» What this task involves
Below are records; the lines starting at the one with "Der TUI Solo" and ending at the one with "Allow ListとDeny Listの良いところを組み合わせる" must be reproduced exactly, both included. Pictures must not appear.

» Raw data
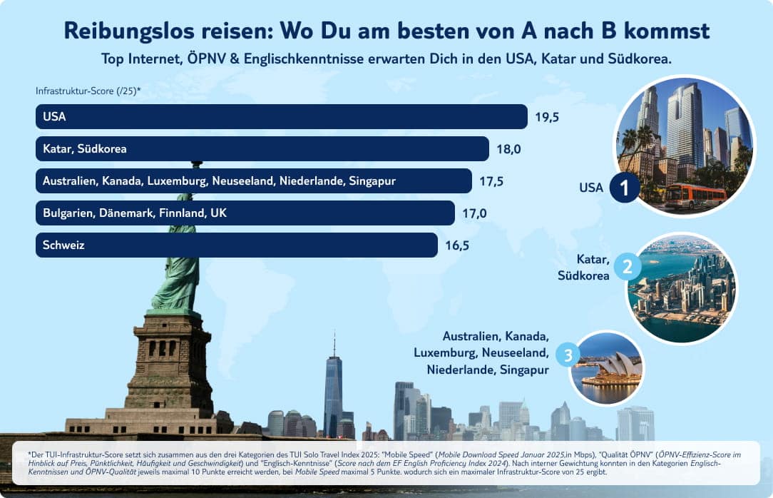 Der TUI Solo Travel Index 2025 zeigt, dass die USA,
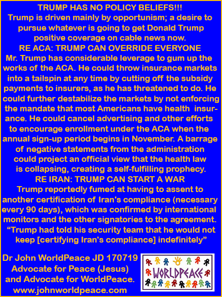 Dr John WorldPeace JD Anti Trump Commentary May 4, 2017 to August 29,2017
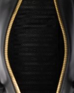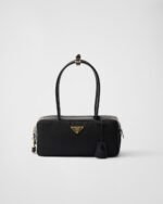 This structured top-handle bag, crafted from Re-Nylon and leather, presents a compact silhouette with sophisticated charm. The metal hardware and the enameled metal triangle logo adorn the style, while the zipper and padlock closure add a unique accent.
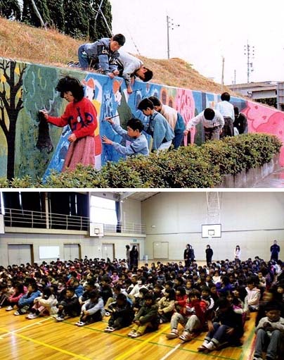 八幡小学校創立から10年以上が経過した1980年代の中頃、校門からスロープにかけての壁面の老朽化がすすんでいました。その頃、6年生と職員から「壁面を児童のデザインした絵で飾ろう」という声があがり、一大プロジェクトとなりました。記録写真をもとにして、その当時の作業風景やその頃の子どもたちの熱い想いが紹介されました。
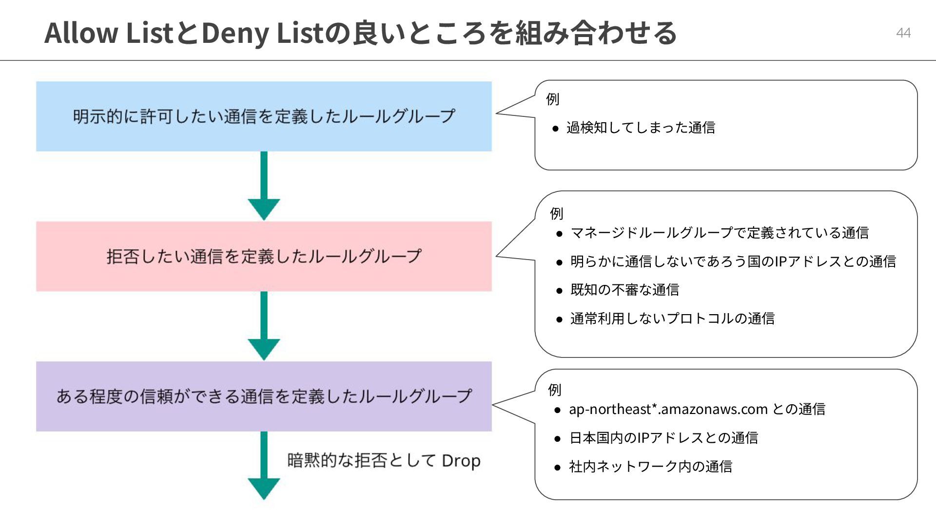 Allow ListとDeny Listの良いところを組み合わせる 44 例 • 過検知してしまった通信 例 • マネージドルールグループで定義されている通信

==

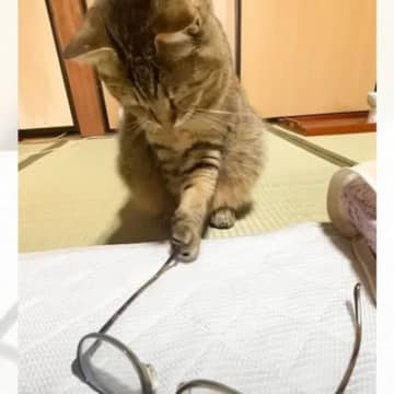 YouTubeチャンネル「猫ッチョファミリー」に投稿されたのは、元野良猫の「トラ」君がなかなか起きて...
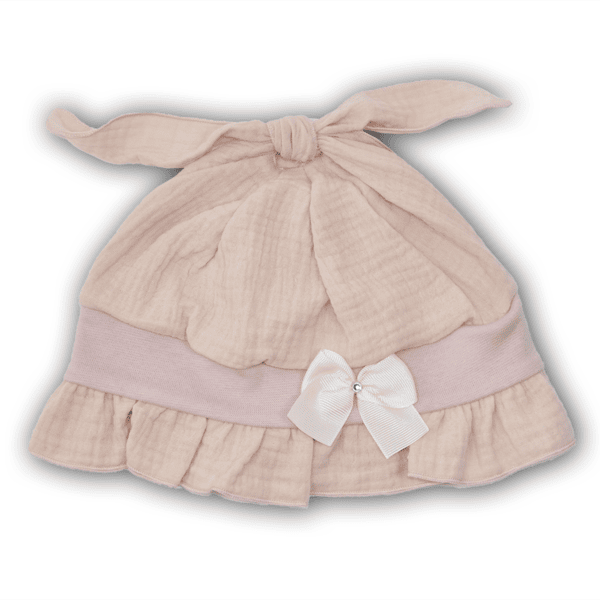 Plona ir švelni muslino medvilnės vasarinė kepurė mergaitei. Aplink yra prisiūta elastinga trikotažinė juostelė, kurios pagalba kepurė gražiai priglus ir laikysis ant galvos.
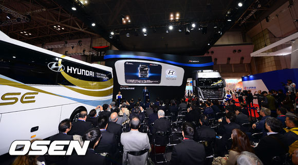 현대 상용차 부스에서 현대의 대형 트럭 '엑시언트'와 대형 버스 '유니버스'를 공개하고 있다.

» Expected answer
 Der TUI Solo Travel Index 2025 zeigt, dass die USA,
 Dr John WorldPeace JD Anti Trump Commentary May 4, 2017 to August 29,2017
 This structured top-handle bag, crafted from Re-Nylon and leather, presents a compact silhouette with sophisticated charm. The metal hardware and the enameled metal triangle logo adorn the style, while the zipper and padlock closure add a unique accent.
 八幡小学校創立から10年以上が経過した1980年代の中頃、校門からスロープにかけての壁面の老朽化がすすんでいました。その頃、6年生と職員から「壁面を児童のデザインした絵で飾ろう」という声があがり、一大プロジェクトとなりました。記録写真をもとにして、その当時の作業風景やその頃の子どもたちの熱い想いが紹介されました。
 Allow ListとDeny Listの良いところを組み合わせる 44 例 • 過検知してしまった通信 例 • マネージドルールグループで定義されている通信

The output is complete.